─── SOURCE DATA

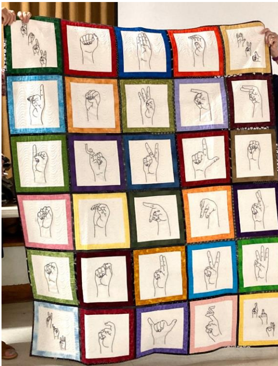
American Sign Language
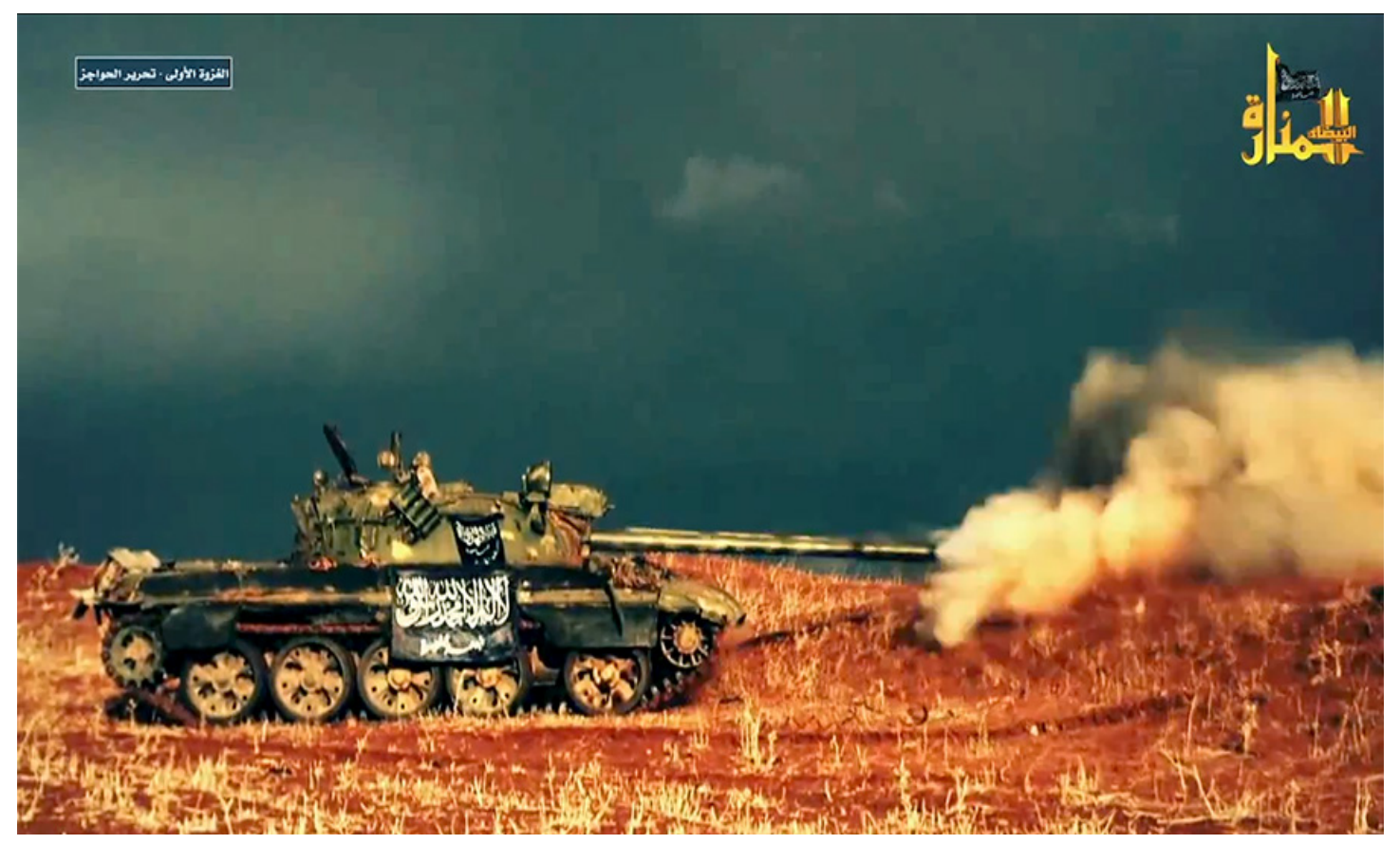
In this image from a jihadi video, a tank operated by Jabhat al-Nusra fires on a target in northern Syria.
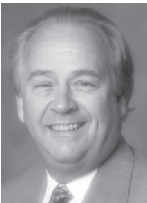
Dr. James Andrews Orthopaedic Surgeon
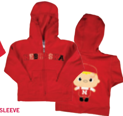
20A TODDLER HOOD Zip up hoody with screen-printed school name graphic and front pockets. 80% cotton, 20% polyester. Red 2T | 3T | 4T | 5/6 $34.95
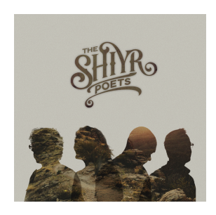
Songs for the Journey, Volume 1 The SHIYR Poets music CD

──────
─── SOURCE DATA

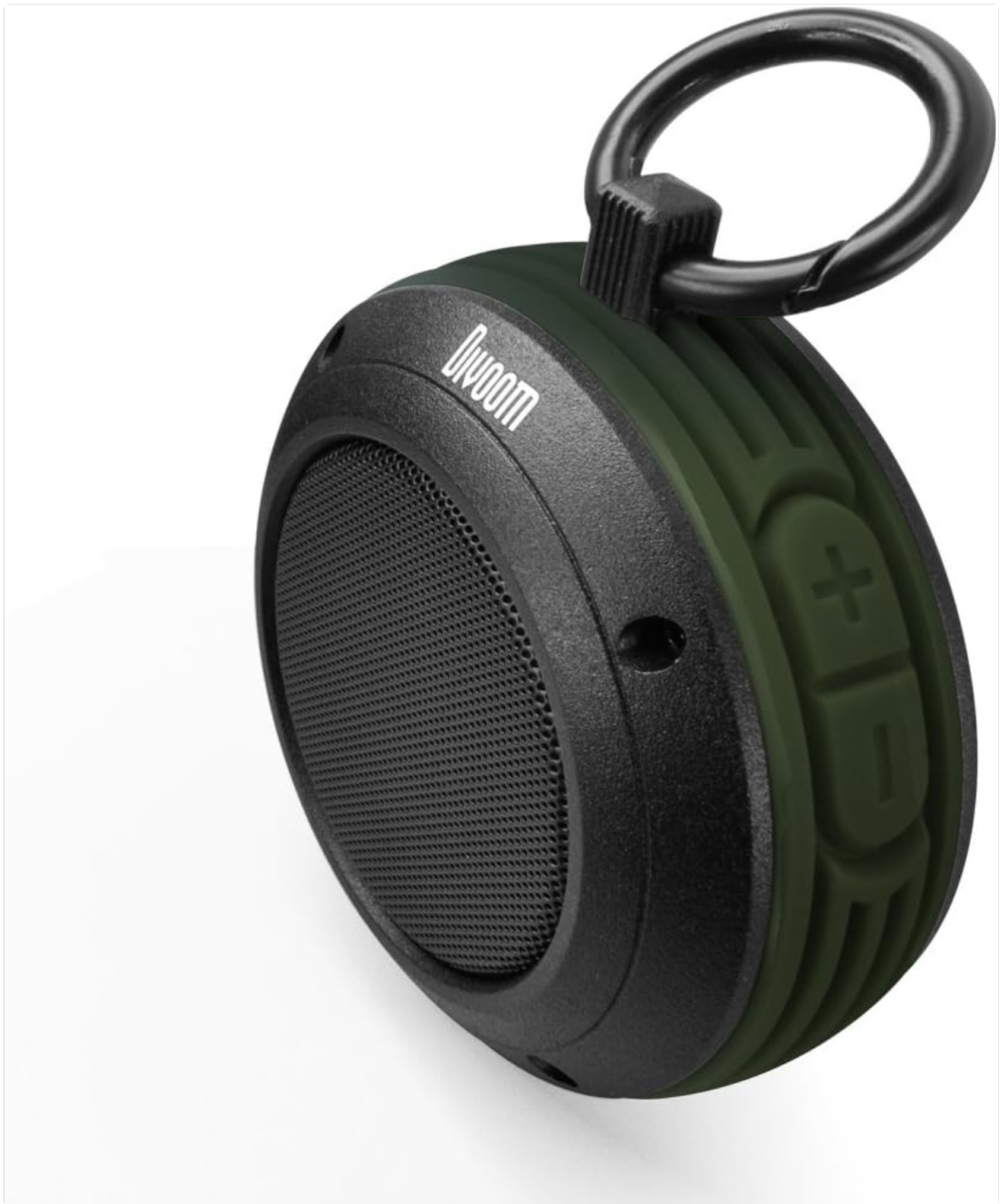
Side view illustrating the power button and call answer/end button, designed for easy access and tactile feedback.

──────

PROBLEM DETAILS:
Would you print exactly the lines in the listing above, from the line bearing "American Sign Language" through the line bearing "Songs for the", leaving out all pictures?

RESPONSE AREA:
American Sign Language
In this image from a jihadi video, a tank operated by Jabhat al-Nusra fires on a target in northern Syria.
Dr. James Andrews Orthopaedic Surgeon
20A TODDLER HOOD Zip up hoody with screen-printed school name graphic and front pockets. 80% cotton, 20% polyester. Red 2T | 3T | 4T | 5/6 $34.95
Songs for the Journey, Volume 1 The SHIYR Poets music CD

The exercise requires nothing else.